▶ [WHAT THE EXERCISE ASKS]
When you reach the line containing "Living/Dining Room - Bright", begin reproducing the material exactly, stop after the line containing "Zawieszka ze stali", and leave out any pictures along the way.

▶ [SUPPLIED MATERIAL]

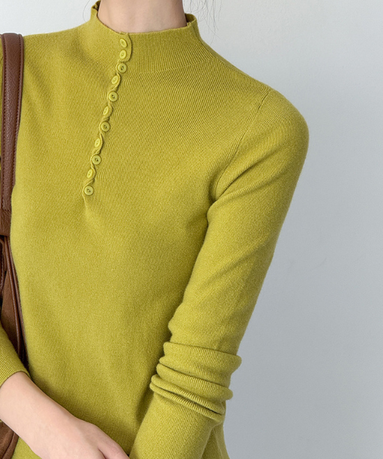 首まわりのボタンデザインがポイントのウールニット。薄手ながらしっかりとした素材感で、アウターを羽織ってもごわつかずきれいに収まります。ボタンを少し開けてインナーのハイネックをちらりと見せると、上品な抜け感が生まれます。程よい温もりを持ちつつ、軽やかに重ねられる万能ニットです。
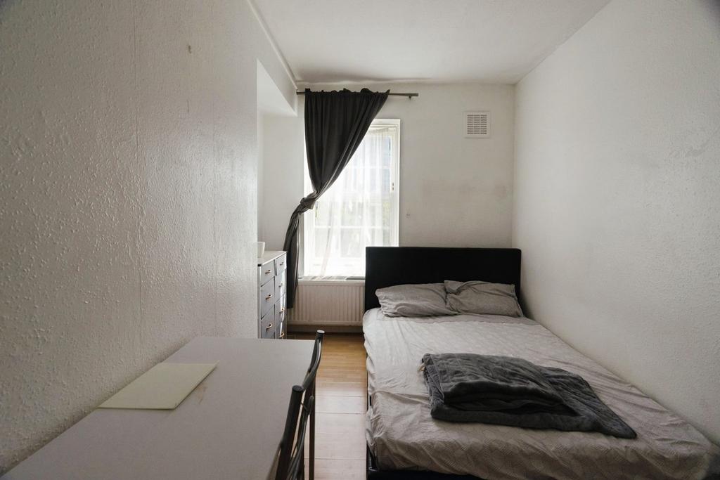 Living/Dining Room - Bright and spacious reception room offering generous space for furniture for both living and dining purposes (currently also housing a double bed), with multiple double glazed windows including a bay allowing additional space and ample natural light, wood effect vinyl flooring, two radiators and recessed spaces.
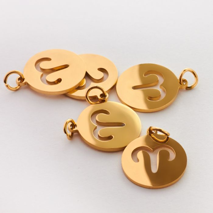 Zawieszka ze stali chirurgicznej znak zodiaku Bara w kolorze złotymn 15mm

...

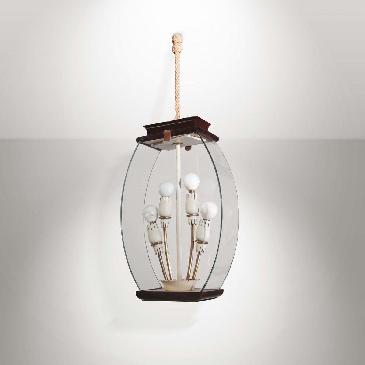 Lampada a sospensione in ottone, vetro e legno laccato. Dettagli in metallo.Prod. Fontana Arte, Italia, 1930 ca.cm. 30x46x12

---

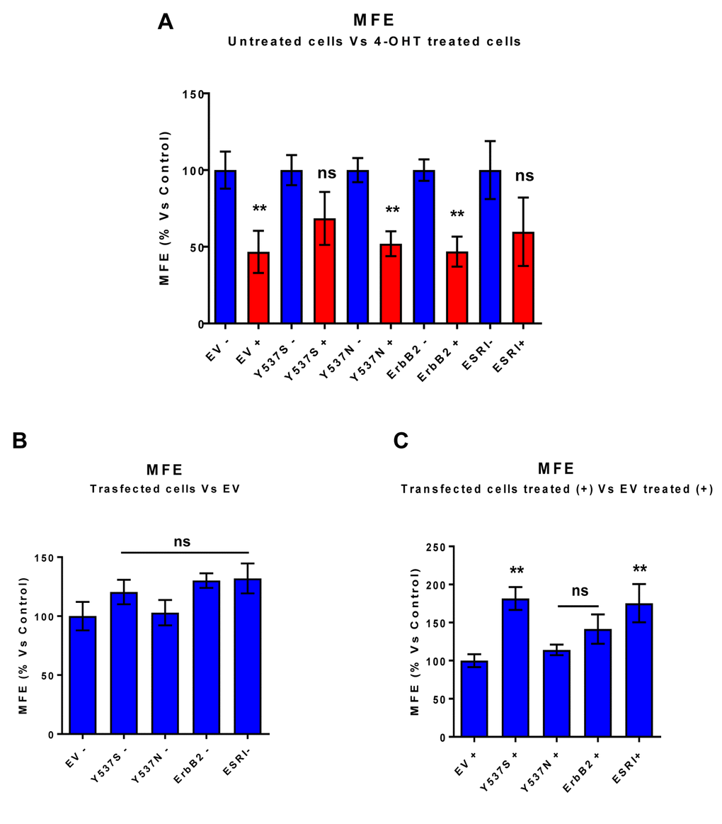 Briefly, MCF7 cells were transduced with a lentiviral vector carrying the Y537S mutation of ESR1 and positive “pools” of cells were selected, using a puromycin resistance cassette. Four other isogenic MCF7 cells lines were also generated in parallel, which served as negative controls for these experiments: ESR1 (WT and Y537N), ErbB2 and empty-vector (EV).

▶ [OUTPUT OF THE EXERCISE]
 Living/Dining Room - Bright and spacious reception room offering generous space for furniture for both living and dining purposes (currently also housing a double bed), with multiple double glazed windows including a bay allowing additional space and ample natural light, wood effect vinyl flooring, two radiators and recessed spaces.
 Zawieszka ze stali chirurgicznej znak zodiaku Bara w kolorze złotymn 15mm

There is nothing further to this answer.